Exercise data
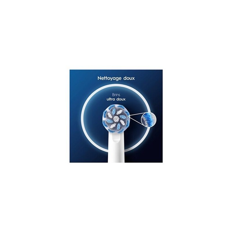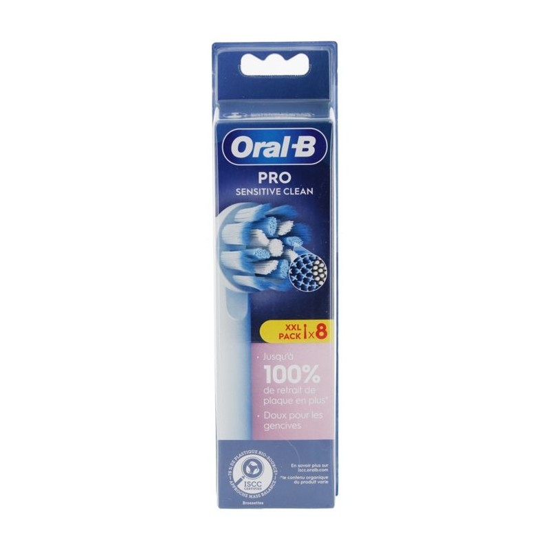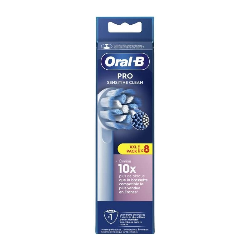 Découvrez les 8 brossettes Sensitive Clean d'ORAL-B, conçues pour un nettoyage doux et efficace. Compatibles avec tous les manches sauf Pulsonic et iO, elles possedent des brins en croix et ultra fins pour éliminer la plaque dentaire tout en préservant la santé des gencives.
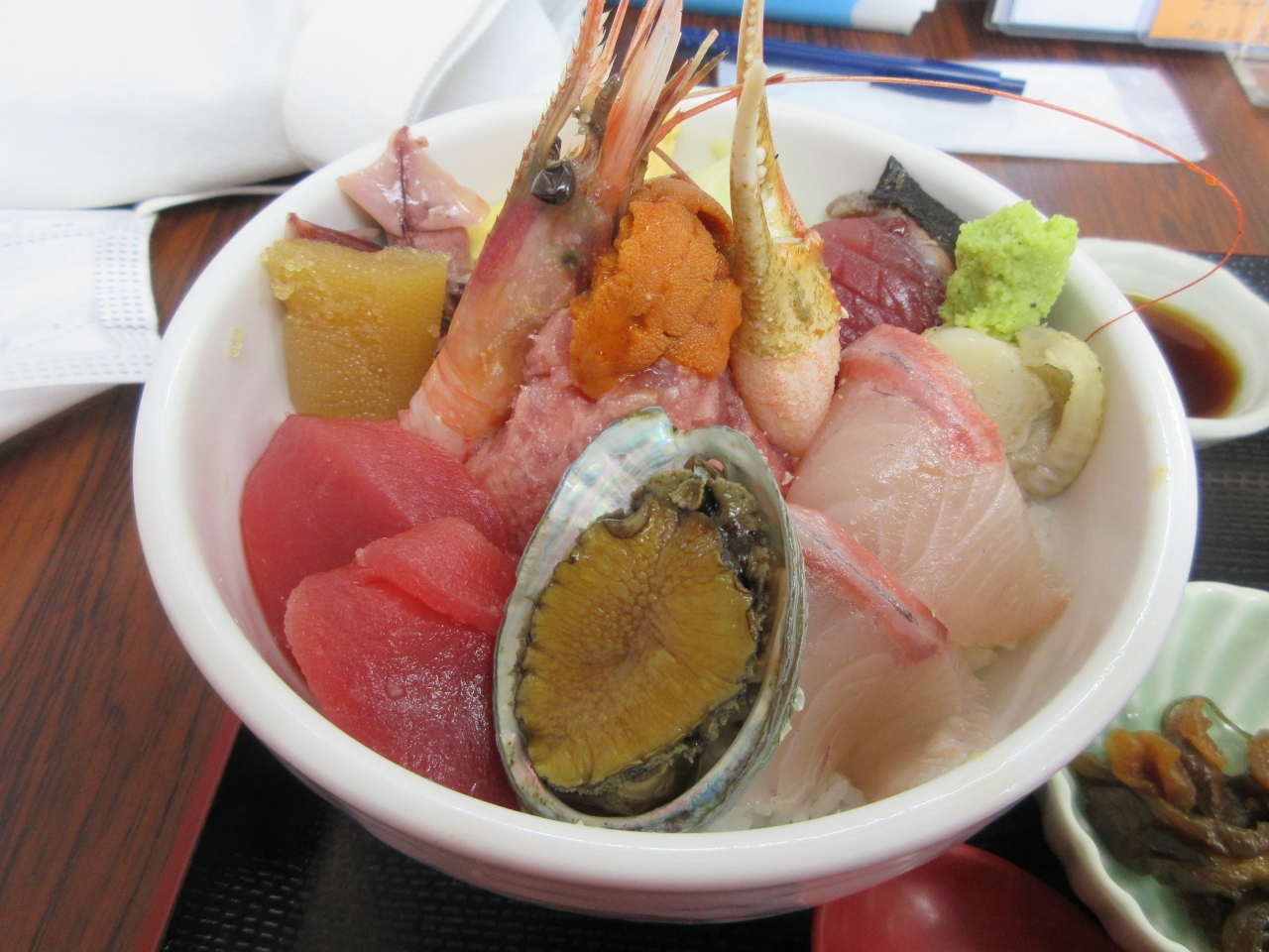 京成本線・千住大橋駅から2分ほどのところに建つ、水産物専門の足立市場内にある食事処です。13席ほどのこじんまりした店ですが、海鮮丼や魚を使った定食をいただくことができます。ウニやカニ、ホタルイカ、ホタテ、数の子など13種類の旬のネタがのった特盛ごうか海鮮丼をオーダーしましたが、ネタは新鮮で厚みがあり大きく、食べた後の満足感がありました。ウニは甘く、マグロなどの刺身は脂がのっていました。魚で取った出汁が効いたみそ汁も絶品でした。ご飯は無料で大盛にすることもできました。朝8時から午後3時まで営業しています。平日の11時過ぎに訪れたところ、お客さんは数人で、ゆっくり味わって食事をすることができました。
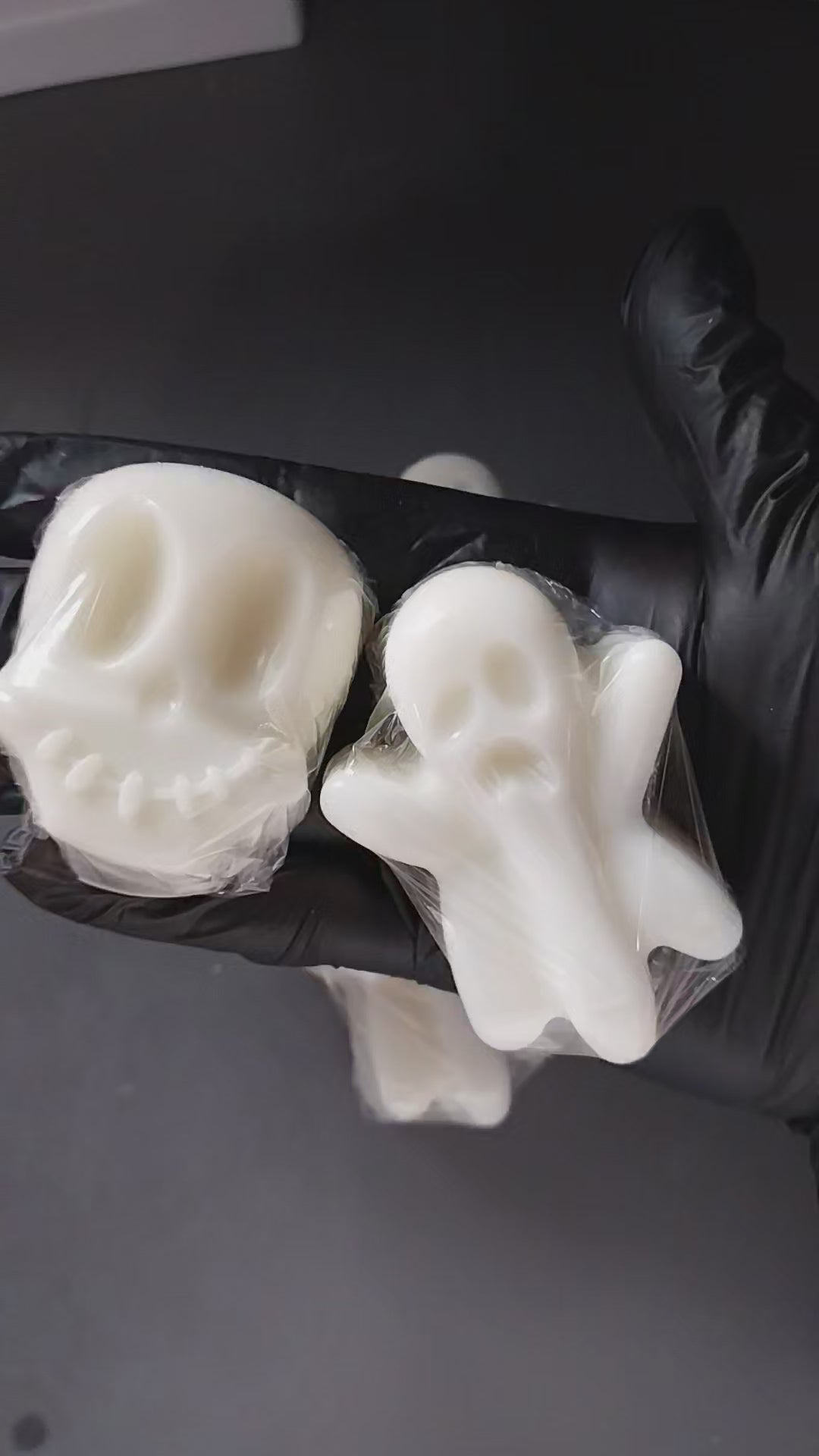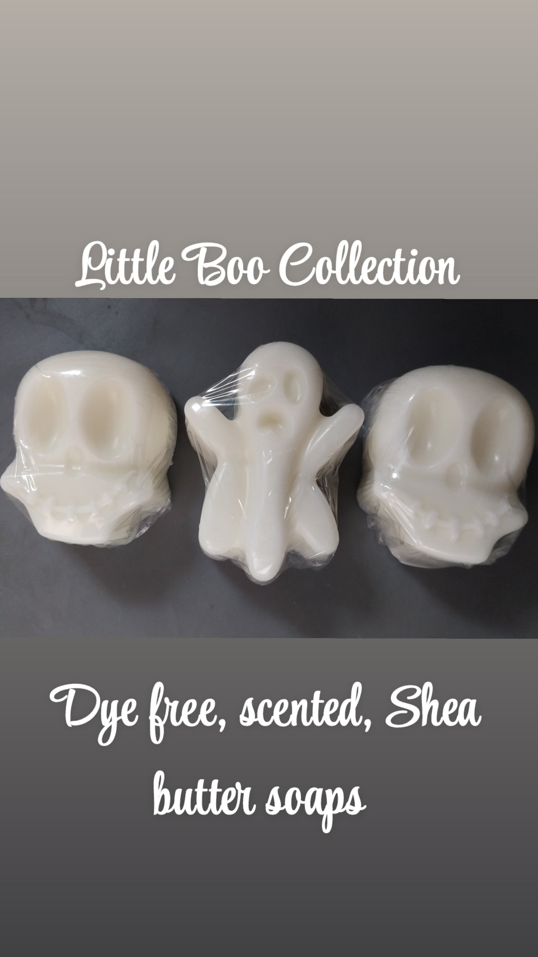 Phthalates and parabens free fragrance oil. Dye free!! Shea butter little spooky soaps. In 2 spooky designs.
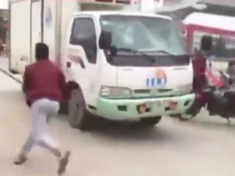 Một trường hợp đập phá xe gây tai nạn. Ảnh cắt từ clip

Aim of the task
Set down all of the material word for word, minus its pictures.

Final answer
 Découvrez les 8 brossettes Sensitive Clean d'ORAL-B, conçues pour un nettoyage doux et efficace. Compatibles avec tous les manches sauf Pulsonic et iO, elles possedent des brins en croix et ultra fins pour éliminer la plaque dentaire tout en préservant la santé des gencives.
 京成本線・千住大橋駅から2分ほどのところに建つ、水産物専門の足立市場内にある食事処です。13席ほどのこじんまりした店ですが、海鮮丼や魚を使った定食をいただくことができます。ウニやカニ、ホタルイカ、ホタテ、数の子など13種類の旬のネタがのった特盛ごうか海鮮丼をオーダーしましたが、ネタは新鮮で厚みがあり大きく、食べた後の満足感がありました。ウニは甘く、マグロなどの刺身は脂がのっていました。魚で取った出汁が効いたみそ汁も絶品でした。ご飯は無料で大盛にすることもできました。朝8時から午後3時まで営業しています。平日の11時過ぎに訪れたところ、お客さんは数人で、ゆっくり味わって食事をすることができました。
 Phthalates and parabens free fragrance oil. Dye free!! Shea butter little spooky soaps. In 2 spooky designs.
 Một trường hợp đập phá xe gây tai nạn. Ảnh cắt từ clip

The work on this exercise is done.